» Data below
◆ ◆ ◆ ◆

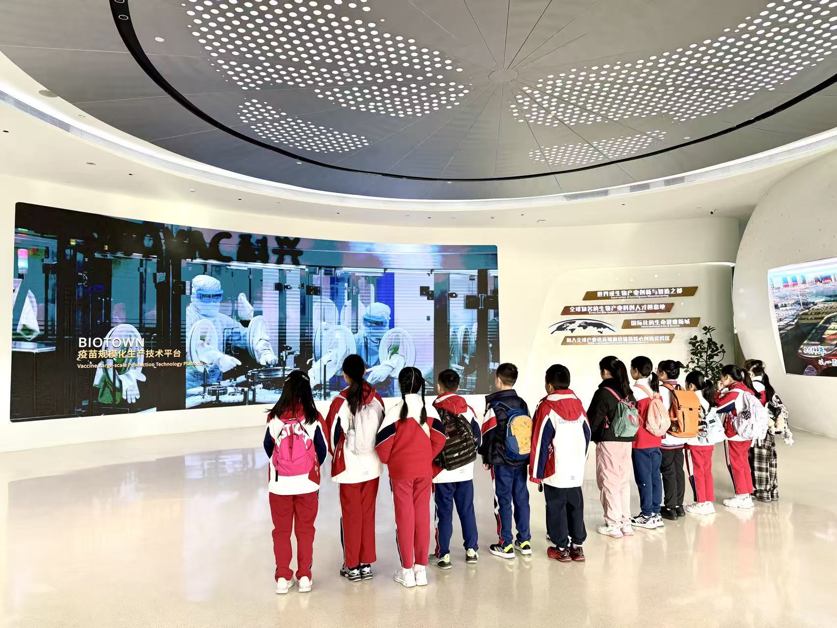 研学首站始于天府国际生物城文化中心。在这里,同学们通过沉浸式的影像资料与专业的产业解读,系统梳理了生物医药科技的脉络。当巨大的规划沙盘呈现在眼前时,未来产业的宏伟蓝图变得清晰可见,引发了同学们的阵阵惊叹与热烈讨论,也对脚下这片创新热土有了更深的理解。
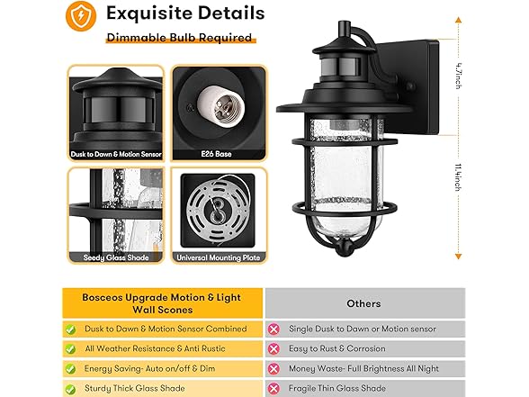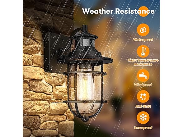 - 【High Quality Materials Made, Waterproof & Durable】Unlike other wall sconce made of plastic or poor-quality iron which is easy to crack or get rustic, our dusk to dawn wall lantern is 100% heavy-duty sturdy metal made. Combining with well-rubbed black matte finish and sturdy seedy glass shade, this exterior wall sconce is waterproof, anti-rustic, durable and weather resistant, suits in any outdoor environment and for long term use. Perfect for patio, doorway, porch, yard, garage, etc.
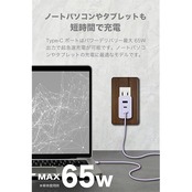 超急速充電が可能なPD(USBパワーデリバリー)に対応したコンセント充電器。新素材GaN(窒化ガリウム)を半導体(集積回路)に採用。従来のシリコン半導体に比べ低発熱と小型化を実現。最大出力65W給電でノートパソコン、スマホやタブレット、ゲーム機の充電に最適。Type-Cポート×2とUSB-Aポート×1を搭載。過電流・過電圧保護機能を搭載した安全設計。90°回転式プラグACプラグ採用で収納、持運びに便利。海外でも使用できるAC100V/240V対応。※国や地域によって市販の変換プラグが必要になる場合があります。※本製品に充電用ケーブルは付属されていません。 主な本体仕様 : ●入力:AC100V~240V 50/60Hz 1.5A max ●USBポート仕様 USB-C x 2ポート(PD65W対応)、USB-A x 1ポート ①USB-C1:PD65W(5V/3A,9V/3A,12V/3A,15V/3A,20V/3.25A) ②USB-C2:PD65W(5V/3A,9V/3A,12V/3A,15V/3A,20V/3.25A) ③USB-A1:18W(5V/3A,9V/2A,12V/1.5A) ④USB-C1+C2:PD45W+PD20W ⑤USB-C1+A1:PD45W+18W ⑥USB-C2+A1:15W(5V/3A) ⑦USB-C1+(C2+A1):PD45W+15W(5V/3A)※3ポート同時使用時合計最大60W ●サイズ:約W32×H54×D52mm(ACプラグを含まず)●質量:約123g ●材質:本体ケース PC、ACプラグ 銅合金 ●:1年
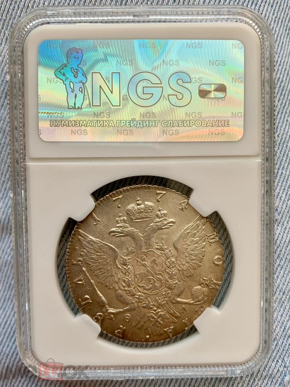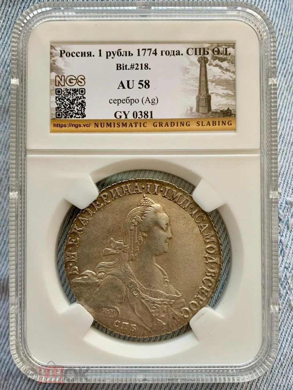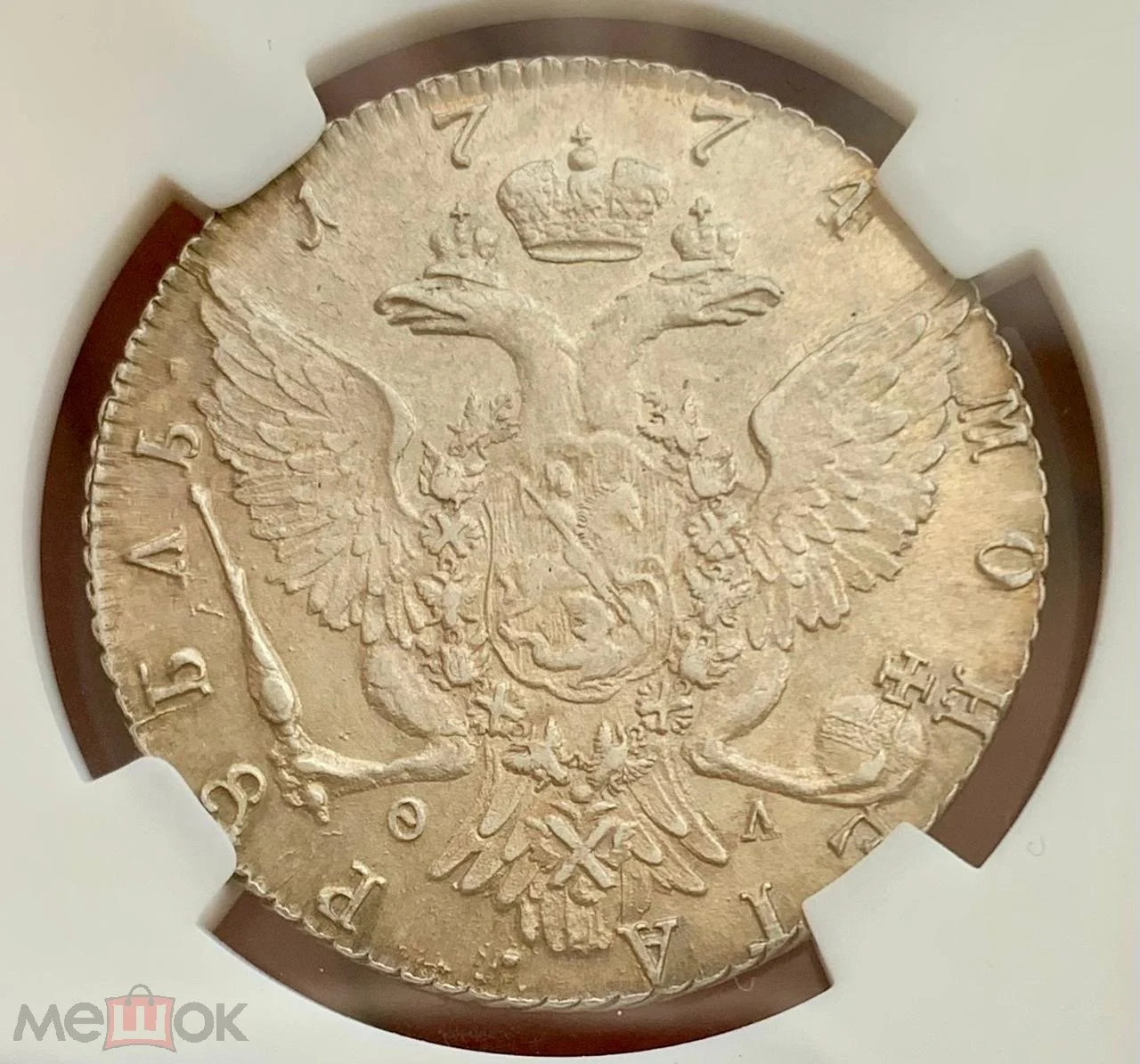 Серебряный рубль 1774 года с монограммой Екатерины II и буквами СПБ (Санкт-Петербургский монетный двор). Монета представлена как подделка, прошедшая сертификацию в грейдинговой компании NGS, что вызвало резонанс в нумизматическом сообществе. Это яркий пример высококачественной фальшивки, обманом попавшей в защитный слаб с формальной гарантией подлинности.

◆ ◆ ◆ ◆

» Exercise aim
None of the pictures should appear, though every line of the data above must be reproduced exactly.

» Reply
 研学首站始于天府国际生物城文化中心。在这里,同学们通过沉浸式的影像资料与专业的产业解读,系统梳理了生物医药科技的脉络。当巨大的规划沙盘呈现在眼前时,未来产业的宏伟蓝图变得清晰可见,引发了同学们的阵阵惊叹与热烈讨论,也对脚下这片创新热土有了更深的理解。
 - 【High Quality Materials Made, Waterproof & Durable】Unlike other wall sconce made of plastic or poor-quality iron which is easy to crack or get rustic, our dusk to dawn wall lantern is 100% heavy-duty sturdy metal made. Combining with well-rubbed black matte finish and sturdy seedy glass shade, this exterior wall sconce is waterproof, anti-rustic, durable and weather resistant, suits in any outdoor environment and for long term use. Perfect for patio, doorway, porch, yard, garage, etc.
 超急速充電が可能なPD(USBパワーデリバリー)に対応したコンセント充電器。新素材GaN(窒化ガリウム)を半導体(集積回路)に採用。従来のシリコン半導体に比べ低発熱と小型化を実現。最大出力65W給電でノートパソコン、スマホやタブレット、ゲーム機の充電に最適。Type-Cポート×2とUSB-Aポート×1を搭載。過電流・過電圧保護機能を搭載した安全設計。90°回転式プラグACプラグ採用で収納、持運びに便利。海外でも使用できるAC100V/240V対応。※国や地域によって市販の変換プラグが必要になる場合があります。※本製品に充電用ケーブルは付属されていません。 主な本体仕様 : ●入力:AC100V~240V 50/60Hz 1.5A max ●USBポート仕様 USB-C x 2ポート(PD65W対応)、USB-A x 1ポート ①USB-C1:PD65W(5V/3A,9V/3A,12V/3A,15V/3A,20V/3.25A) ②USB-C2:PD65W(5V/3A,9V/3A,12V/3A,15V/3A,20V/3.25A) ③USB-A1:18W(5V/3A,9V/2A,12V/1.5A) ④USB-C1+C2:PD45W+PD20W ⑤USB-C1+A1:PD45W+18W ⑥USB-C2+A1:15W(5V/3A) ⑦USB-C1+(C2+A1):PD45W+15W(5V/3A)※3ポート同時使用時合計最大60W ●サイズ:約W32×H54×D52mm(ACプラグを含まず)●質量:約123g ●材質:本体ケース PC、ACプラグ 銅合金 ●:1年
 Серебряный рубль 1774 года с монограммой Екатерины II и буквами СПБ (Санкт-Петербургский монетный двор). Монета представлена как подделка, прошедшая сертификацию в грейдинговой компании NGS, что вызвало резонанс в нумизматическом сообществе. Это яркий пример высококачественной фальшивки, обманом попавшей в защитный слаб с формальной гарантией подлинности.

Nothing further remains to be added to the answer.